◆ TASK:
Starting at the line holding "18k white and" and finishing at the line holding "The sun and", transcribe the material exactly, keeping both ends but no pictures.
SOURCE MATERIAL below:
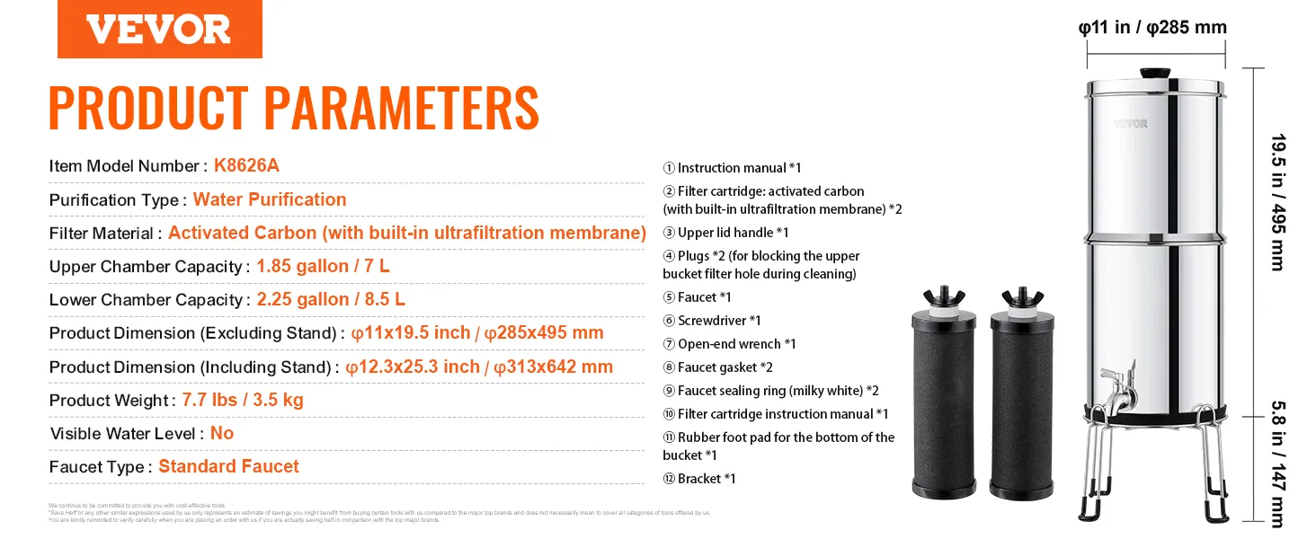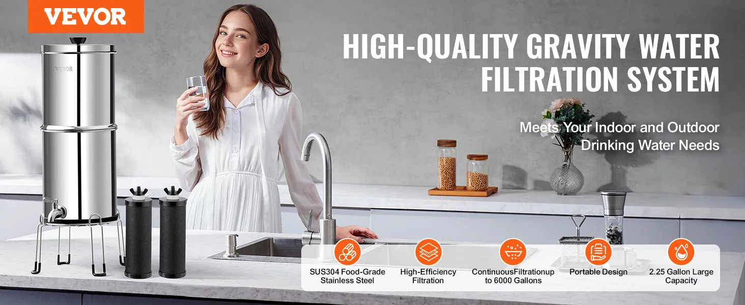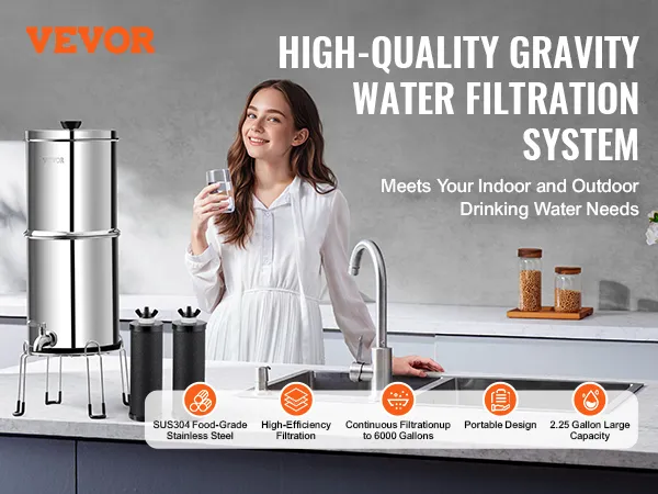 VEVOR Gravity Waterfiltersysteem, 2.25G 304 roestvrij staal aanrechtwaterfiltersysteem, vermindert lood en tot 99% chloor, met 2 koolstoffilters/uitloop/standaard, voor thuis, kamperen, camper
End of SOURCE MATERIAL.
SOURCE MATERIAL below:
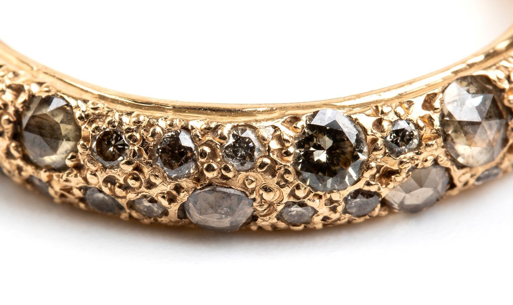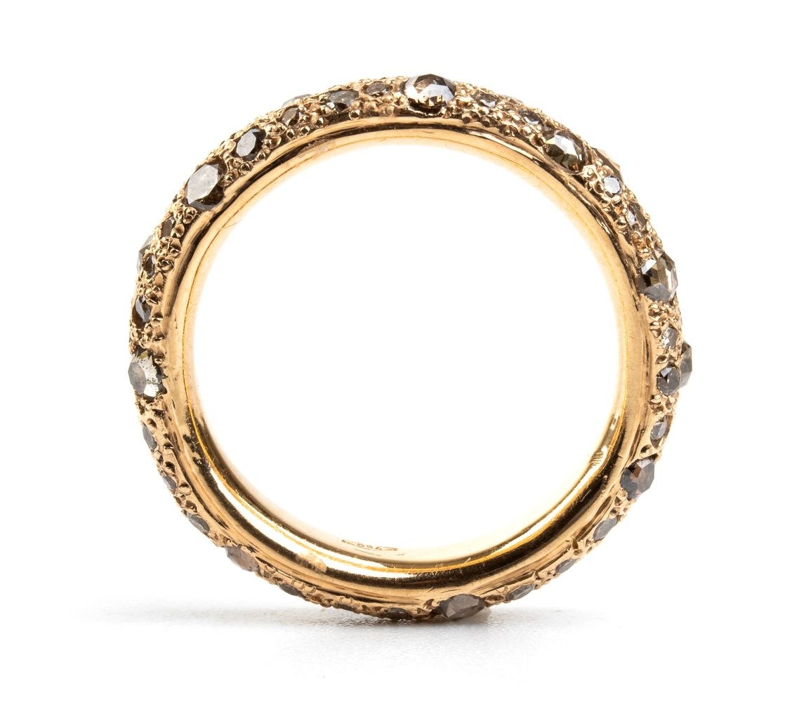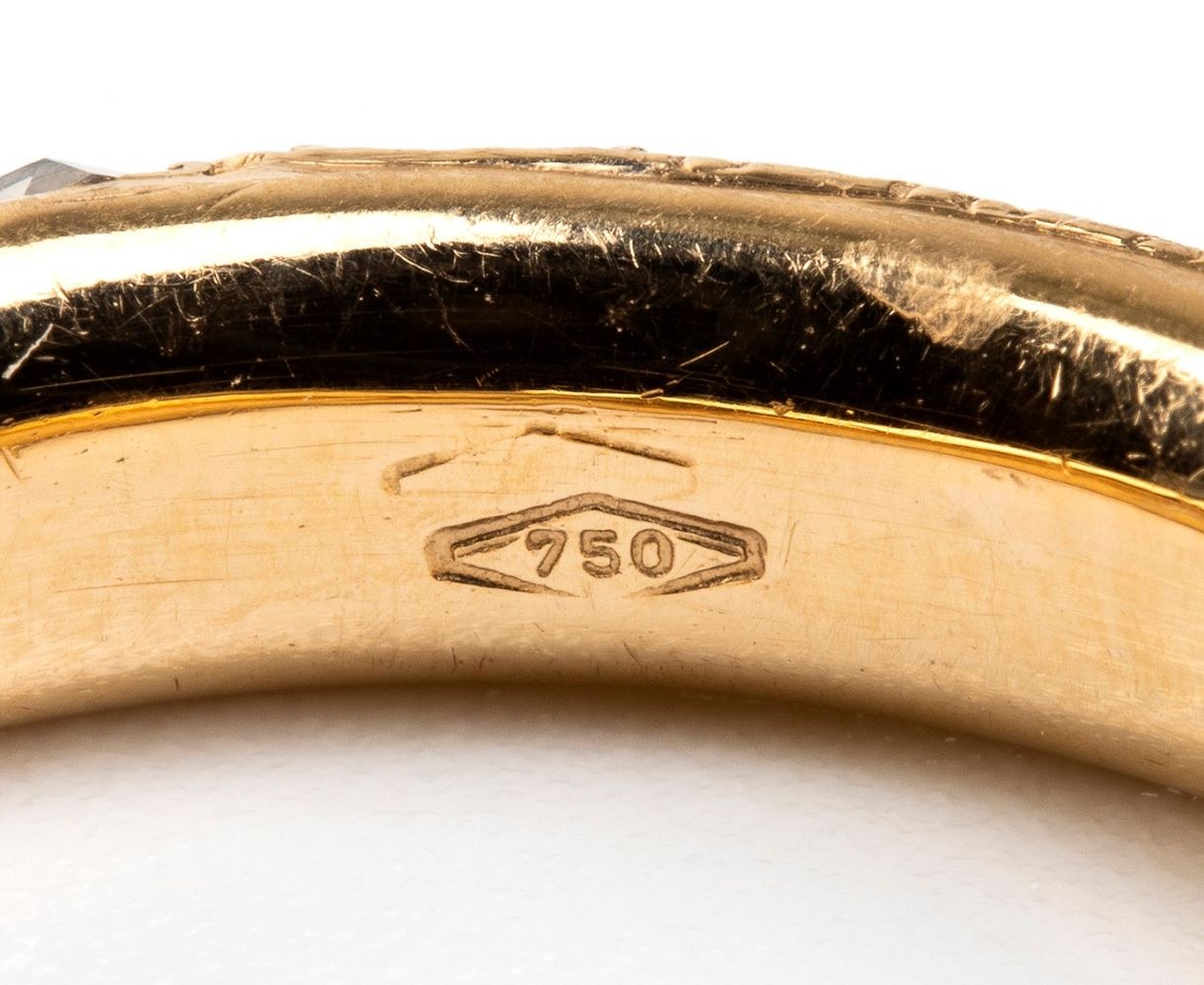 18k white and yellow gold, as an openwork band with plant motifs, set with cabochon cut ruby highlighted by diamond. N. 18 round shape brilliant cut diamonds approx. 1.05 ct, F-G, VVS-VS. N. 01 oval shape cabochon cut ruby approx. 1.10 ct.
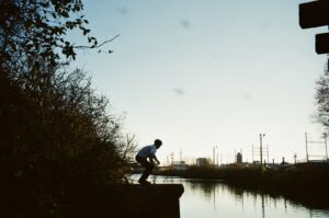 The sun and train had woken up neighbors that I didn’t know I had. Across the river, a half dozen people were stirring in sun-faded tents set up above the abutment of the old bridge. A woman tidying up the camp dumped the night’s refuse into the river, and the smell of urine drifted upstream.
End of SOURCE MATERIAL.
◆ REPLY:
 18k white and yellow gold, as an openwork band with plant motifs, set with cabochon cut ruby highlighted by diamond. N. 18 round shape brilliant cut diamonds approx. 1.05 ct, F-G, VVS-VS. N. 01 oval shape cabochon cut ruby approx. 1.10 ct.
 The sun and train had woken up neighbors that I didn’t know I had. Across the river, a half dozen people were stirring in sun-faded tents set up above the abutment of the old bridge. A woman tidying up the camp dumped the night’s refuse into the river, and the smell of urine drifted upstream.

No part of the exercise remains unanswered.